Quello che ci sembra non riescano davvero a fare, e lo avevamo già notato in Winter Soldier (che pure sotto questo aspetto era molto meglio di Civil War) è costruire la dimensione epica intorno ai supereroi. Qui Snyder detta legge: il suo Superman, visto dall’esterno come un dio che combatte altri dei, è inarrivabile. Ma anche gli Avengers di Whedon che sconquassavano New York erano su tutto un altro piano. Gli eroi secondo i fratelli Russo sono una sorta di agenti segreti, dei piccoli James Bond che picchiano un po’ più forte, che si guardano le spalle, che agiscono in segreto, che corrono in mezza alla gente, che alla fin dei conti si picchiano tra di loro, magari usando come mazze delle ali di areo invece che spranghe di ferro, ma è solo una questione di scala, mentre dovrebbe essere una questione di respiro.

Il cattivo di Captain America Civil War è un cattivo piccolo, con obiettivi molto limitati; il che non è del tutto sbagliato, se vogliamo, perché lo scopo era quello di porre tutta l’attenzione sullo scontro intestino tra Avengers, evitando l’errore (in cui Snyder è caduto con tutte le scarpe) di farlo scendere in secondo piano al momento dell’arrivo della minaccia comune.

Coralità (adeguata)

La quantità di personaggi in questo film è impressionante. Il numero di supereroi presente è pari a quello di Avengers Age of Ultron: mancano Thor e Hulk “in vacanza” e manca naturalmente Quicksilver (morto); a compensazione ci sono Ant-Man e due “new entries”, Black Panther (che prossimamente avrà il suo film) e il nuovo Spider-Man.

Spider-Man viene usato come intermezzo comico; la sua introduzione è un po’ forzata, ma funziona, e tutto sommato la sua giovanissima età, che era stata uno dei motivi di preoccupazione, viene gestita bene e rappresenta un buon contrappunto (anche se l’avvenente zia May sarà molto più difficile da digerire).

Ogni personaggio riesce ad avere il suo momento in primo piano, e a dire qualcosa di importante di se stesso, persino Visione che è il più asettico di tutto il gruppo.

Nessun personaggio al di fuori dei supereroi, però, riesce a emergere.
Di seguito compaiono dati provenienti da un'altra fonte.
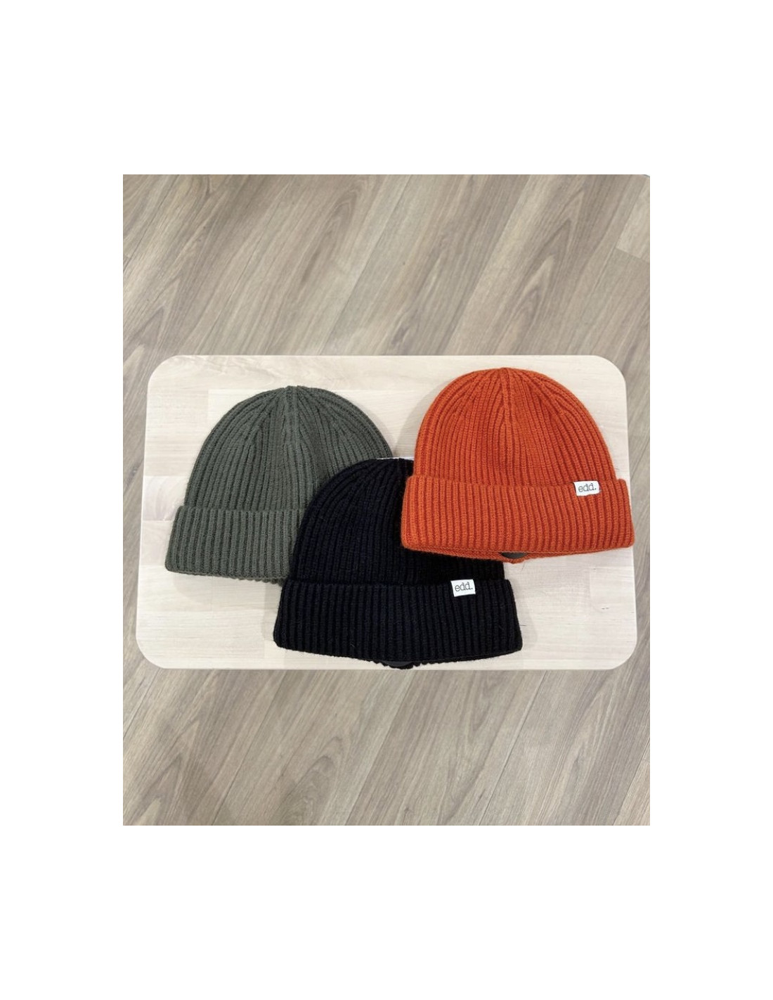 Ribbad beanie som slutar ovanför öronen. Riktigt cool på.

Zemo, interpretato da Daniel Brühl, è tutto sommato poco consistente, mentre i due Ross (nessuna partentela, a quanto pare), il segretario di stato Thaddeus Ross (William Hurt) e Everett Ross (Martin Freeman) hanno pochissimo minutaggio e sono praticamente solo figure di sfondo. Può stupire che un attore come Freeman venga utilizzato per una parte di così scarsa rilevanza, ma in sostanza il suo personaggio è stato solo introdotto, e sarà uno dei protagonisti nel film su Black Panther.

L’ultimo personaggio “umano” è l’Agente 13, che rivela finalmente la sua “parentela” e il motivo della sua importanza per Cap.

Punto di arrivo (e di partenza)

Civil War è una storia conclusa in se stessa, ma che non lascia assolutamente le cose come le aveva trovate. Rappresenta un punto di arrivo per la storia del gruppo di supereroi chiamato Avengers, ma rappresenta anche il punto d’inizio per un nuovo ciclo che porterà al doppio film Avengers: Infinity Wars che rappresenterà la conclusione della Fase 3. In questi due film, il cui conflitto avrà portata realmente “cosmica”, l’aspetto epico non potrà proprio venire a mancare, non si potrà ridurre tutto a inseguimenti e scazzottate. Vedremo allora se i fratelli Russo riusciranno ad andare oltre quelli che al momento sembrano essere i loro limiti.